Petrosino’s supposedly ‘secret’ mission to Italy had been pre-announced in the New York press. When he reached Palermo, he refused the offer of an armed escort. The only protection he thought he needed were the dollars he handed out as bribes. He used the methods that had proved so successful at home, boldly seeking to make personal contact with criminals and mafiosi out in the streets. This, of course, was what the Sicilian police did too; but they would never have dreamed of trying to do it in isolation. After Petrosino’s death, it was found that he had even left his revolver in his hotel room.

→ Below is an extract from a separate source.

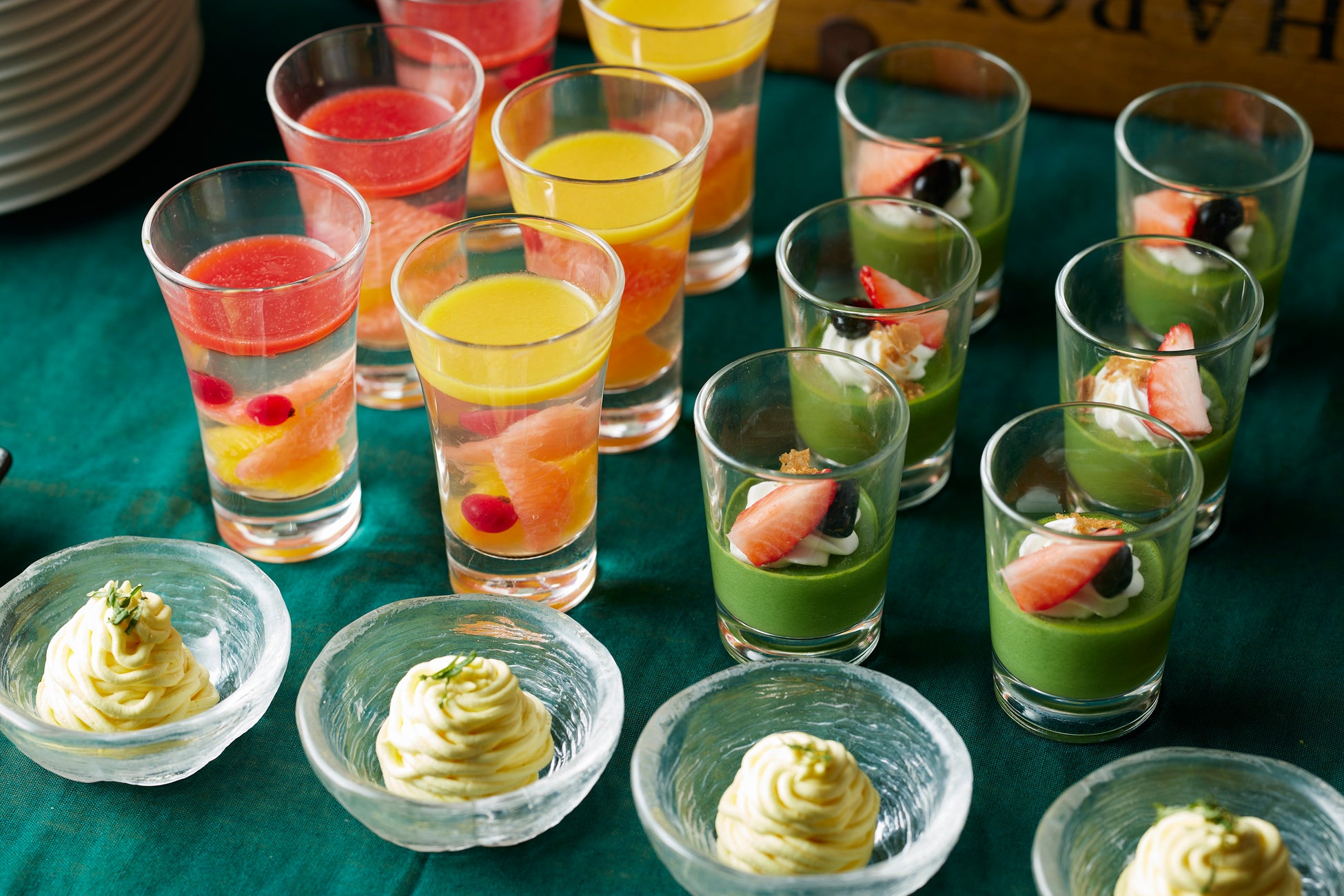 お好みに合わせて選べる料理と、芳醇な抹茶に爽やかな柑橘の酸味がマッチするデザートブッフェで、贅沢な初夏のランチタイムをお過ごしください。

Police in Palermo suspected a link between Petrosino’s death and the ‘body in the barrel’ gang. Two members had travelled back to Sicily at the same time as Petrosino, keeping in touch with Piddu Morello using coded telegrams. The theory was that Morello and Giuseppe Fontana had asked Vito Cascio-Ferro to arrange the killing on their behalf. When Cascio-Ferro was arrested, he was found to have a photo of Petrosino. Yet there was an alibi: Don Vito’s political collaborator, a member of parliament, claimed that the mafioso had been at his house when Petrosino was shot. Much to the indignation of the American press, the case never even came to trial.

Many years later, after a life sentence had finally brought his career to an end under Fascism, Cascio-Ferro was interviewed in jail. He claimed to have only ever killed one man in his life, ‘and I did that
disinterestedly
’. This cryptic phrase was taken to refer to the most famous murder with which his name had been associated: that of Joe Petrosino. The implication was perhaps that he had carried out the murder as a favour to his American colleagues. This ‘confession’ does not necessarily mean he committed the crime. It might simply have been an attempt to bask in the stolen glory of another mafioso’s work. Like the ‘body in the barrel’ case, Joe Petrosino’s murder is still classified as unsolved.

*   *   *

Along with most Sicilian immigrants to the United States, the members of the Morello gang probably did not intend to make their stay permanent. Like many of those same immigrants, however, the most prominent members remained in the USA for the rest of their lives. For some this was not a very long time. Inzerillo opened another little pastry shop but was shot and killed soon afterwards. Di Primo, a model prisoner in Sing Sing, was released early. Petto the Ox moved to Browntown, Pennsylvania. On the night of 25 October 1905, he was hit by five bullets from a shotgun in his own back yard. Petrosino suspected that Di Primo was the murderer. Giuseppe Fontana disappeared soon after the Petrosino killing.

Other members of the gang played a role in New York’s organized crime scene for decades. In the year of Petrosino’s death, Piddu Morello was convicted of running a counterfeiting business in East Harlem and given twenty-five years in Atlanta Federal Penitentiary. He lost his role at the head of the organization.